A real, topical example further illustrates the anomalous character of the Supreme Court's failure to apply analytically sequenced, tiered judicial scrutiny under the Establishment Clause. Statutes that exempt religious institutions or religiously motivated individuals from otherwise generally applicable laws require religiously-based classifications in order to sort those who qualify for exemptions from those who do not. If challenged under the Equal Protection Clause, classifications based on religion, the Court has sometimes asserted, would be assimilated to those based on race. (14) And race-based classifications trigger strict judicial scrutiny. (15) The Court has also prescribed strict scrutiny for religiously-based classifications under the Free Exercise Clause, at least when they are used to exclude some from benefits available to others based on their religious status. (16) If classifications based on religion are suspect under the Equal Protection and Free Exercise Clauses, why, one wonders, should they escape strict judicial scrutiny in Establishment Clause cases? (17) A possible response would be that the Court regards many statutory accommodations for religious practitioners as benign, even desirable, and believes that they should be upheld if they do not impose excessive burdens on third parties. But in cases involving other classifications drawn along "suspect" lines, including those involving race-based affirmative action in higher education, that conclusion would need to emerge from a strict scrutiny framework. (18) A disposition to favor otherwise suspect line-drawing in a particular context would not furnish a justification for forgoing searching analysis.

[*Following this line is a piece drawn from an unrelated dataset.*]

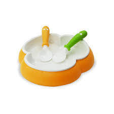 Well-conceived design: The three-leaf clover shape of the plate helps the child to scoop up food onto the spoon. The spoon is compatible with the plate’s shape and works using either the right or left hand. It has a short handle that is easy for small hands to grip.

Adoption of an analytically sequenced, tiered-scrutiny approach would also invite a rationalizing reconceptualization of the relationship among some prominent subcategories within Establishment Clause doctrine that now appear more dissonant than harmonious. One important strain of decisions involves material support for religious institutions or activities. (19) In this branch of Establishment Clause doctrine, leading cases have demanded governmental neutrality, (20) both among religions and between religious and nonreligious beneficiaries. (21) Their categorical formulations suggest that any preferences for or among religious institutions or adherents of different faiths would violate the Establishment Clause.

In a second set of cases, however, demands for neutrality vanish, as the Supreme Court sometimes tolerates the singling out of religious institutions and religious believers for exemptions from otherwise applicable regulatory burdens, (22) including those of complying with antidiscrimination laws. (23)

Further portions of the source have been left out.